Is Newberry on track for the future?
by Holly Astwood, Editor
2 years ago | 1015 views | 0 0 comments | 12 12 recommendations | email to a friend | print
If a train between Southeastern states averaged 110 miles per hour, would you be more likely to use it? If railroads set up commuter routes that connected smaller and larger cities in South Carolina, would citizens ride?

The Carolinas Association for Passenger Trains is lobbying for faster more frequent rail service in the two states, and Newberry is just one of the areas that the organization hopes will benefit from the efforts.

Phil Astwood, secretary of CAPT and a Newberry resident, visited city council last week asking council to consider signing on with the multi-state effort to boost passenger rail.

With a vision toward creating the Southeast High Speed Rail Corridor, groups in Georgia, North and South Carolina and Virginia have banded together to make the federally-designated dream a reality.

“The legislature is unlikely to act on this unless they are convinced that you [cities] want it,” Astwood said. Federal funds are available for the granting for communities along the planned route, and the Carolina group has sent requests for resolutions supporting the idea to all municipalities within 10 miles of the rails.

The federal plan is to extend the high-speed rail service on Amtrak’s Northeast corridor south to Richmond, Va. and Raleigh, N.C. From there, the line would split, with one route going through Charlotte, N.C. and the Greenville area to Atlanta and another carrying on through Columbia and Savannah to end in Jacksonville, Fla. Limited stops and revamped laws and grade crossings would increase speeds, and supporters hope by extension, riders.

Highway congestion, airport congestion and pollution are three problems facing modern America, and passenger rail advocates say more train travel is the answer.

“[Passenger rail] is one of the answers to all of those things,” Astwood said.

Along with the boost in speed, current top speeds for trains in South Carolina are 79 miles per hour Astwood says, the groups hope to see a boost in commuter spurs built off the main high speed lines, to service cities like Newberry that are just outside major metropolises.

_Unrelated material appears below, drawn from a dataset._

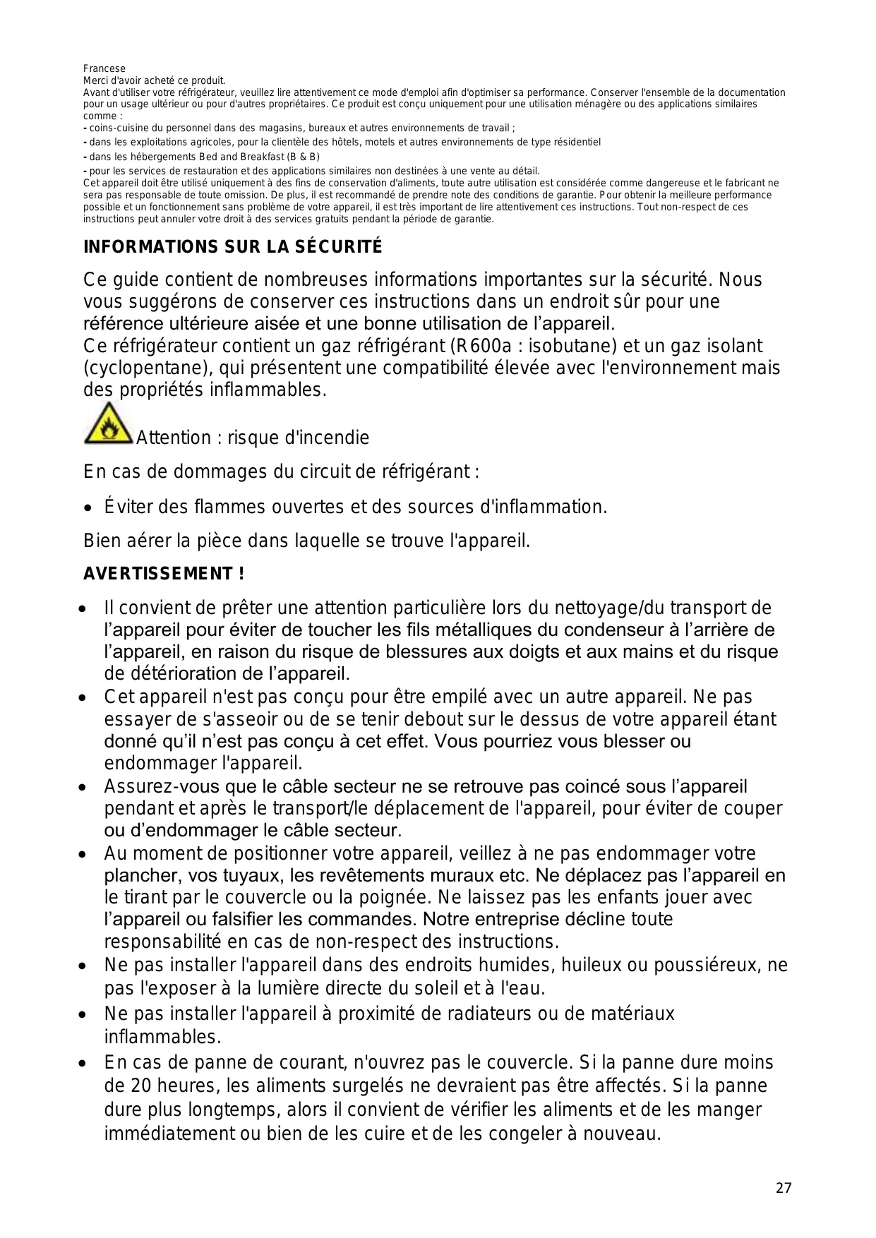 Francese Merci d'avoir acheté ce produit. Avant d'utiliser votre réfrigérateur, veuillez lire attentivement ce mode d'emploi afin d'optimiser sa performance. Conserver l'ensemble de la documentation pour un usage ultérieur ou pour d'autres propriétaires. Ce produit est conçu uniquement pour une utilisation ménagère ou des applications similaires comme : - coins-cuisine du personnel dans des magasins, bureaux et autres environnements de travail ; - dans les exploitations agricoles, pour la clientèle des hôtels, motels et autres environnements de type résidentiel - dans les hébergements Bed and Breakfast (B & B) - pour les services de restauration et des applications similaires non destinées à une vente au détail. Cet appareil doit être utilisé uniquement à des fins de conservation d'aliments, toute autre utilisation est considérée comme dangereuse et le fabricant ne sera pas responsable de toute omission. De plus, il est recommandé de prendre note des conditions de garantie. Pour obtenir la meilleure performance possible et un fonctionnement sans problème de votre appareil, il est très important de lire attentivement ces instructions. Tout non-respect de ces instructions peut annuler votre droit à des services gratuits pendant la période de garantie. Ce guide contient de nombreuses informations importantes sur la sécurité. Nous vous suggérons de conserver ces instructions dans un endroit sûr pour une référence ultérieure aisée et une bonne utilisation de l’appareil. Ce réfrigérateur contient un gaz réfrigérant (R600a : isobutane) et un gaz isolant (cyclopentane), qui présentent une compatibilité élevée avec l'environnement mais des propriétés inflammables. Attention : risque d'incendie En cas de dommages du circuit de réfrigérant :

The Carolinas group is advocating at least five new passenger routes that radiate outward from Columbia like the spokes of a wheel cutting through Newberry, Chester, Sumter, Orangeburg and Batesburg-Leesville. These spokes would connect cities like Charleston and Asheville with the high-speed corridor, as well as serving smaller communities.

North Carolina and Virginia are ahead of South Carolina in efforts to create the Southeast High Speed Rail Corridor. North Carolina is developing the Charlotte to Raleigh segment and Virginia is hard at work on the Richmond to Washington leg.

The Carolinas Association for Passenger Trains estimates that for each full passenger coach put on the rails, as many as 60 to 125 cars can come off the highways. For that, and many other reasons, it says the state and nation are on the brink of a “rail renaissance.”

Considering that “Commuter Rail” is one of the items under old business on the City of Newberry’s planning commission meeting tomorrow night, including “Comprehensive Plan Language” and “Possible Station Locations,” maybe so. The commission meets at 5 p.m. in the City Hall conference room.